After cleaning the data, we scaled the data so statistics with larger values would not influence the results more than statistics with smaller values. Then we applied dimensionality reduction with Principal Component Analysis. This brought our table down to 14 main components.

The next step was to further reduce the dataset dimensions with t-distributed stochastic neighbor embedding (t-SNE). This allowed us to visualize the dataset with 14 dimensions (the principal components) on a two-dimensional plot.

Then we took the data and ran it through a cluster analysis with K-means to partition the data into clusters. We used the elbow curve to identify the best number of clusters which we found to be 4 clusters. Then we were able to append that data back onto the original DataFrame to better interpret the results.

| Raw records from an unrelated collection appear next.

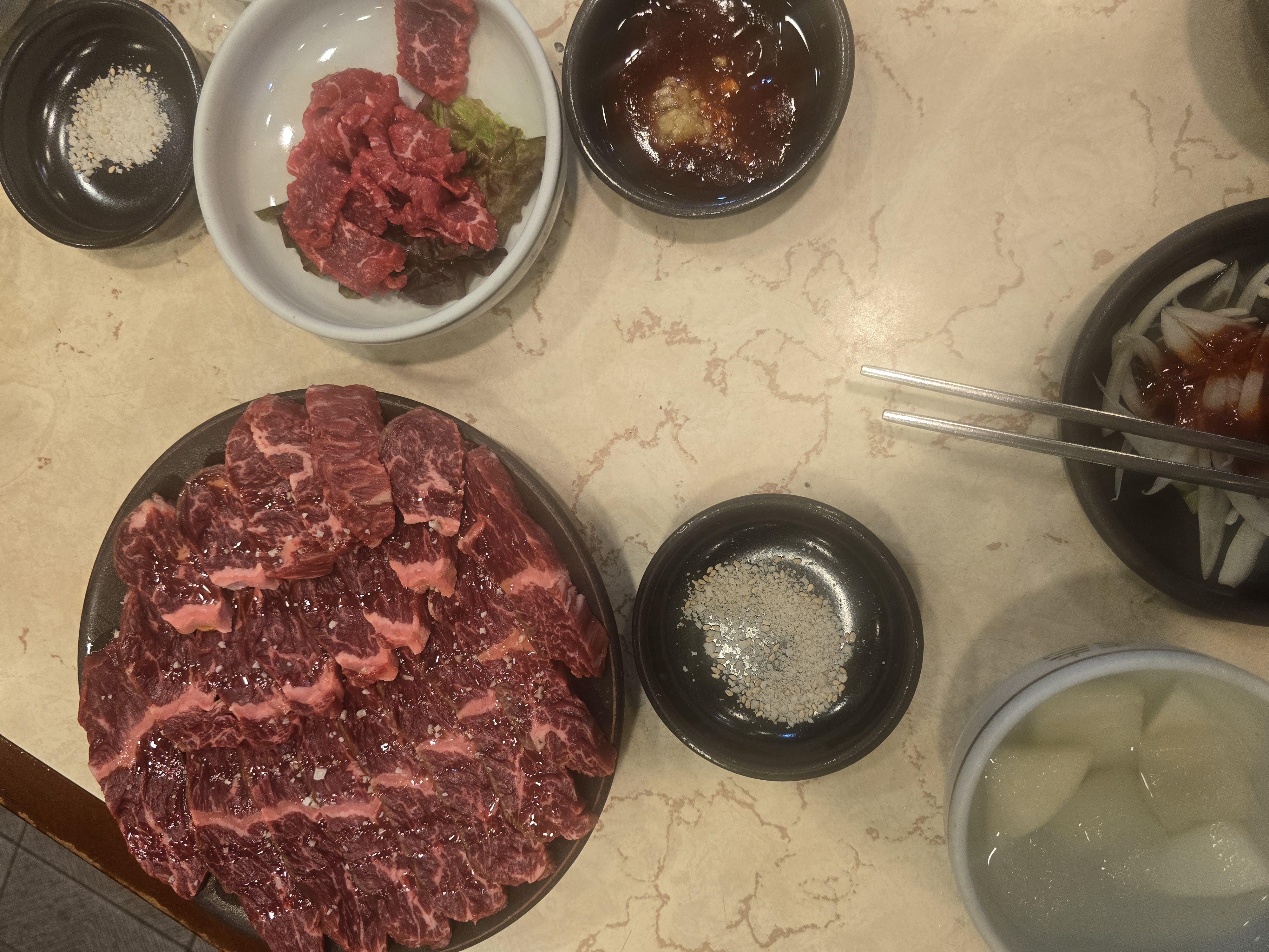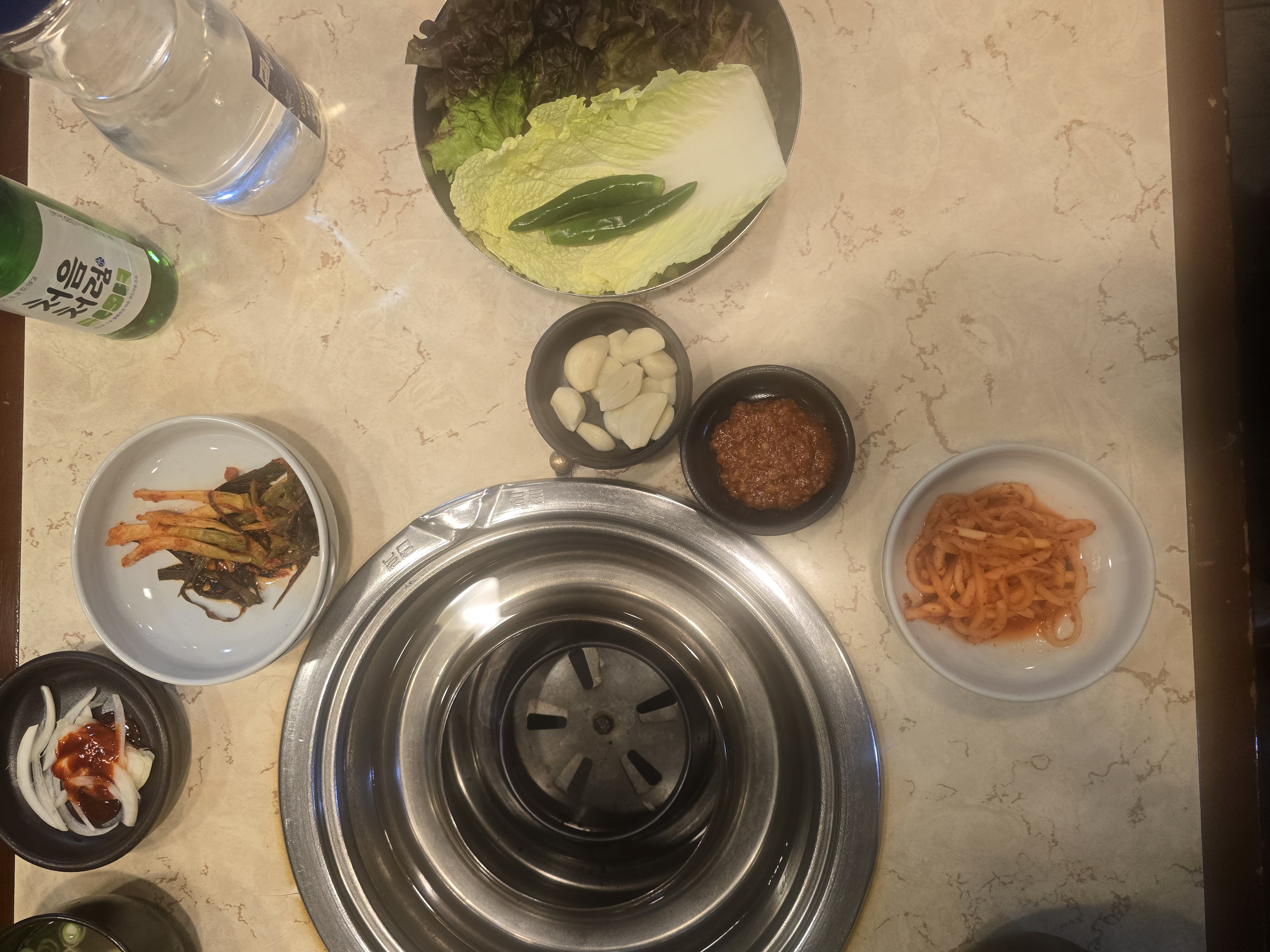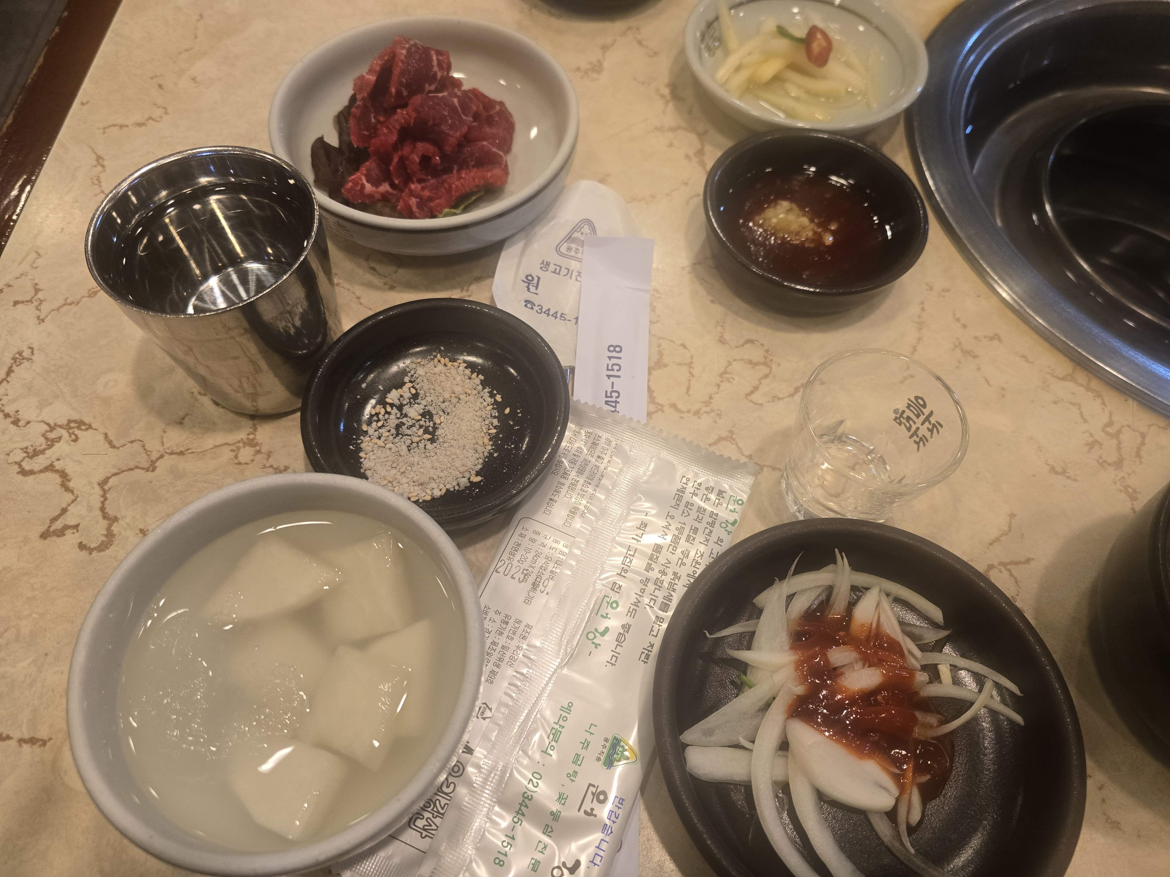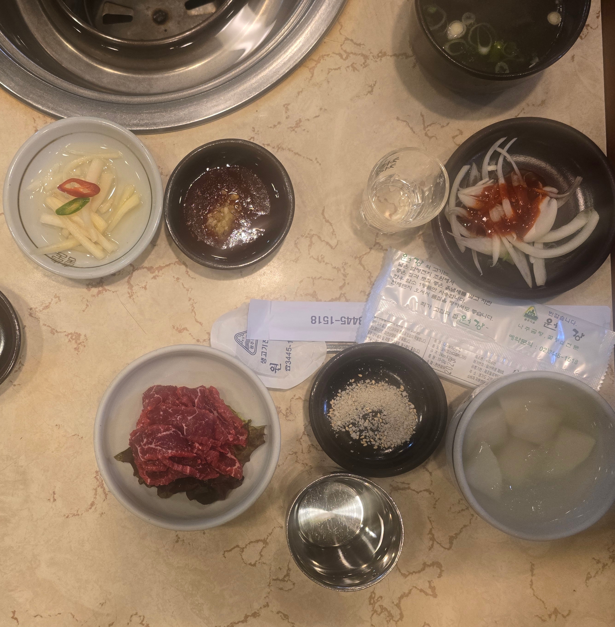 원강의 기본 세팅은 투박하지만 압도적이다. 동치미, 양파절임, 마늘장, 김치, 기름장, 소금…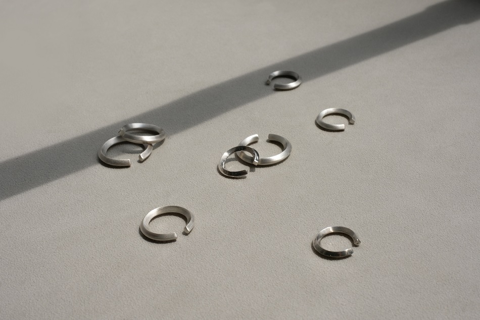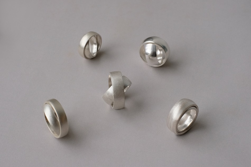 Belinda Chang設計的Dialogue Ring外表流暢優雅極具現代美學,雖然看似簡約卻絕不平凡;巧妙地將兩個圓環緊密扣合卻又能自由地轉動,彷似一件可穿戴的藝術品,將”less is more”的概念發揮極致。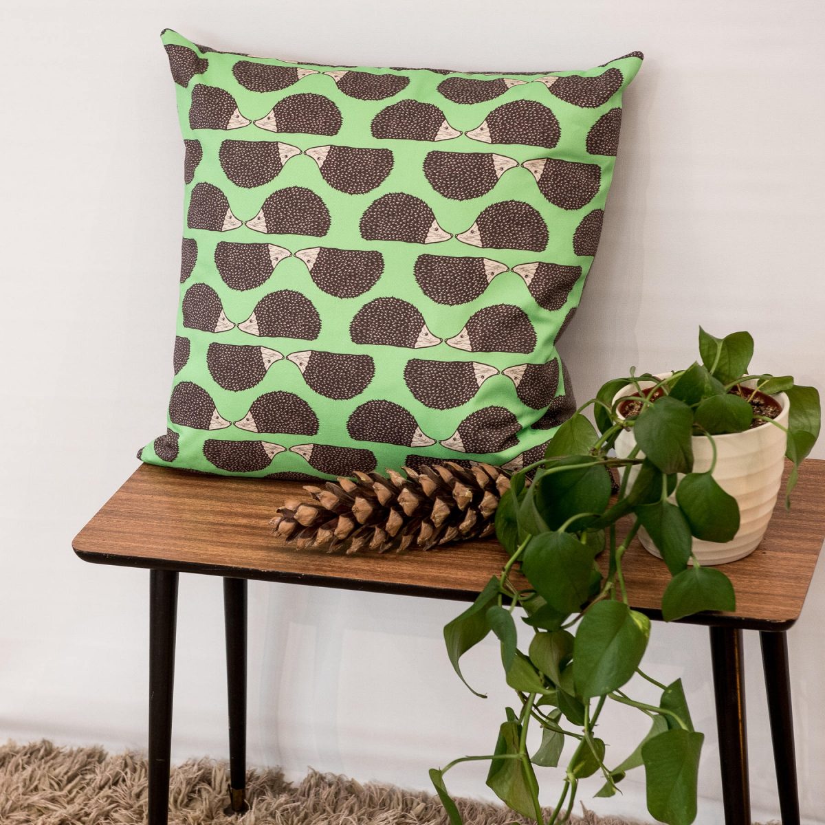 Hedgehog Print Cushion – animal print cushion – hedgehog design – kids cushion – throw pillow – scatter cushion – animal homeware – fun – lino print – patterned cushion – homeware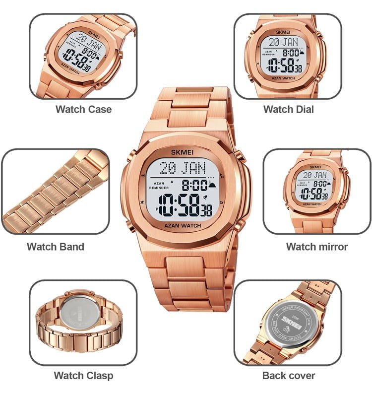 Be the first to review “SKMEI – 2036 – Qibla Azan Time Reminder Prayer Watch – Rosegold/white” Cancel reply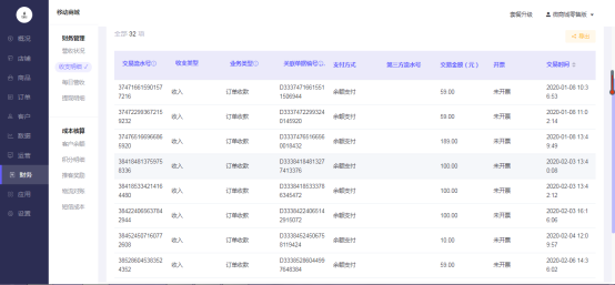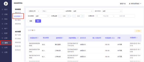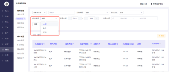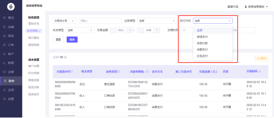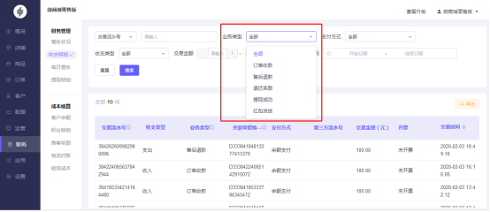 2.可通过订单收款、售后退款、退还奖励、提现成功、红包发放进行筛选。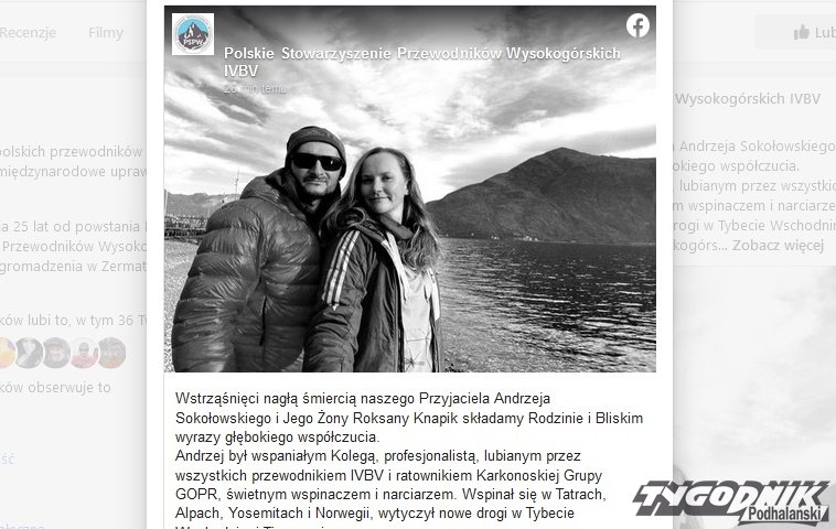 Pod Staroleśnym Szczytem w Tatrach Słowackich zginęło małżeństwo z Polski. Oboje byli przewodnikami. Zmarłych żegnają koledzy z Polskiego Stowarzyszenia Przewodników Wysokogórskich IVBV.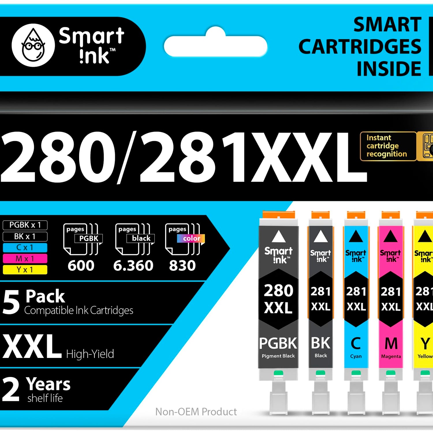 Smart Ink Compatible Ink Cartridges Replacement for Canon 281 280 PGI-280XXL CLI-281XXL (5 Combo Pack) to use with Canon Printers Pixma TR8520 TS9120 TS6120 TR8620 TR8620a TS6320 TR7520 PGBK/BK/C/M/Y
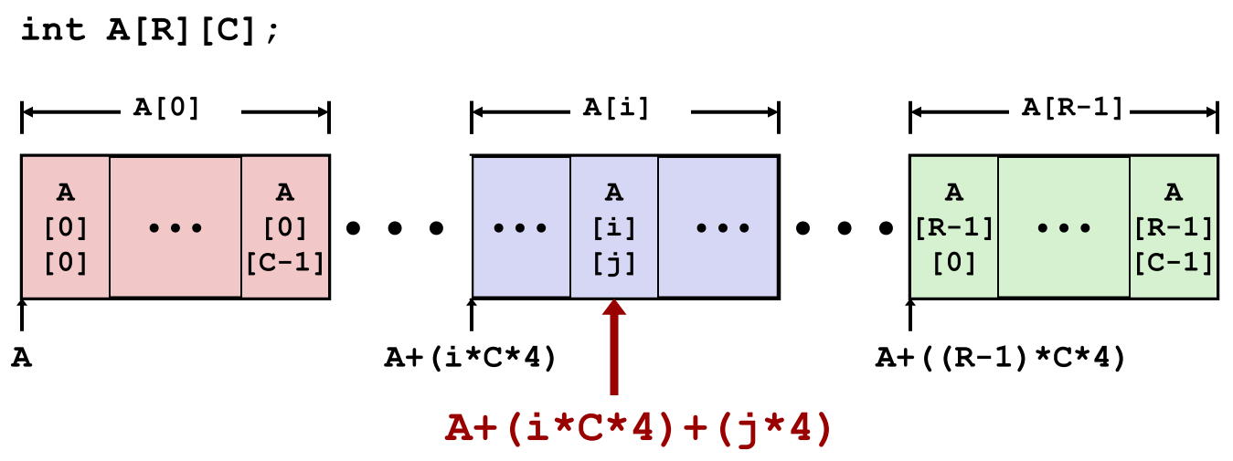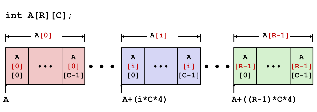 A[i]表示第 i 行,是一个包含 C 个 T 类型元素的数组。- 起始地址计算公式:

The clusters are a good visualization of performance and each team's season performance belongs to one of the four cluster groups. The smallest group which only accounted for 4% of the data were the years 1981 and 1994 because they were also shorted seasons due to strikes. We can also see that teams in group 0 which accounted for 30% of the data had the most wins over the course of that particular season. Correlated statistics were saves, strikeouts, and of course runs scored toping the other cluster groups. Interestingly teams in class 1 had the most errors as well as the fewest runs scored during their season, but this did not translate into the lowest number of wins. Teams in class 2 actually had the lowest number of wins likely because they also had the most runs scored against them over the course of the season.